11月28日-29日 東京大学理学研究科で研究討議。
11月29日-12月10日 名古屋大学理学研究科で講義および講演および研究討議。
12月4日 講義 "Complex transformations in space and time, and the cosmological constant problem"
12月5日 講義 "Black Holes in Elementary Particle Physics"
12月7日 講演 "Determinism in Quantum Mechanics"
12月10日 京都へ移動
12月11日-13日 京都大学基礎物理学研究所主催
湯川・朝永生誕百年記念シンポジウム―現代物理学の進展―へ出席
12月14日 関西国際空港より帰国

受入実施の状況とその成果

't Hooft教授は現代素粒子論のほとんどすべてにわたってその根幹をなす決定的業績を挙げている。ノーベル賞の受賞対象になったのはそのほんの一部である。

今回の訪問は、山脇が主宰する国際会議SCGT 06(‘‘質量の起源と強結合ゲージ理論'’)と坂田模型50年国際シンポジウムとを't Hooft教授滞在に合わせて計画した。SCGT 06では't Hooft教授は冒頭の基調講演と最後の結びの講演をして、会議の成功に決定的な役割を果たした。会議では、't Hooft教授をはじめトップクラスの研究者多数を含む45のプレナリー講演が行われ、大変盛況であった。この会議録はWorldscientific社から出版される予定である。

さらに、同教授はSCGT 06会期中に行った一般講演で、万物の起源について同教授の業績に基づく非常に深い思索による説明を行い、理系の聴衆のみならず万物の起源に興味のある文系の聴衆にも深い感銘を与えた。これは名古屋大学全体の知的水準の向上に資するところ大であった。
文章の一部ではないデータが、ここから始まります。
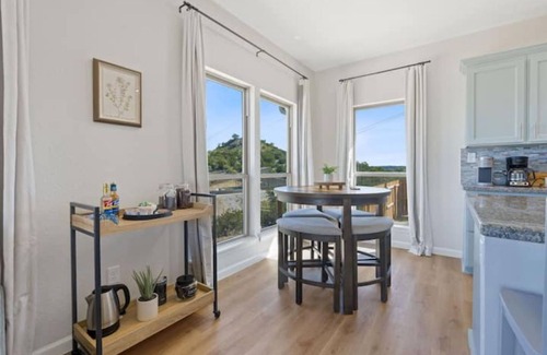 Eden Vista is a magical lakeside retreat with sweeping views, from a cozy & stylish home with a large deck and private heated pool. Bedrooms have en suite full bathrooms, blackout curtains, phone chargers and sound machines. Half bath in hall. Fully fenced yard with gate. Prime location with proximity to Whitewater Amphitheater, alpine slide at Camp Fimfo, the Guadalupe River, charming downtown Gruene, hiking and wineries. Whether you enjoy the outdoors, shopping, dining, or simply relaxing with a view, your Canyon Lake getaway awaits!

また、「坂田模型50年国際シンポジウム」は、本学の素粒子論研究における坂田模型以来の世界に誇る伝統を世界にアピールするものであったが、't Hooft教授の同会議への参加は、本学の存在を世界に向けてあらためて大きくアピールすることになり、ひいては日本の学術の地位を高めることとなった。なお「坂田模型50年国際シンポジウム」の会議録はProgress of Theoretical Physicsの増刊号Supplementsとして出版される予定であり、't Hooft教授の講演をはじめ南部陽一郎教授など世界の超一流の研究者の報告が含まれる。

さらに、同教授は名古屋大学滞在中に大学院学生のための専門的講義シリーズおよび物理学教室全体を対象としたコロキウムを行った。これは名大のアクティビティーの向上に大いに有益であった。また、複合模型で有名な先駆的業績のある't Hooft教授と山脇のグループとが複合模型についての意見交換を行い大変有益であった。

さらに、東京大学での講演および研究討議は東京地区の研究者によい刺激を与えた。また京都大学基礎物理学研究所で開催された「湯川・朝永生誕100年記念シンポジウム」で招待講演を行い、日本の学術の地位向上に大きな貢献をした。

招へい研究者の受入機関に対する寄与
(若手研究者への刺激,受入機関全体の国際化など)

't Hooft教授は名古屋大学滞在中、主に国際会議SCGT 06(‘‘質量の起源と強結合ゲージ理論'’)と坂田模型50年国際シンポジウムの2つの国際会議、および一般講演、2度の専門的講義および1回の物理教室コロキウムなど、を通じて若手研究者に多大の刺激を与えた。学問的討論のみならず食事をともにしての人間的つながりも若手研究者にとって非常に有益であった。

国際会議SCGT 06は、't Hooft教授の存在により過去の4度のSCGTワークショップより一段と国際的知名度が上がり、大きな成功を収めた。

また、坂田模型50年国際シンポジウムの討論を通じて、坂田模型をはじめとして、U(3)対称性、名古屋模型、牧・中川・坂田行列、小林・益川理論など、日本の優れた研究が名古屋大学の成果である点が、't Hooft教授をはじめ世界の有力研究者に改めて周知したのは大きな成果であり、名古屋大学の国際化がさらに大きく前進した。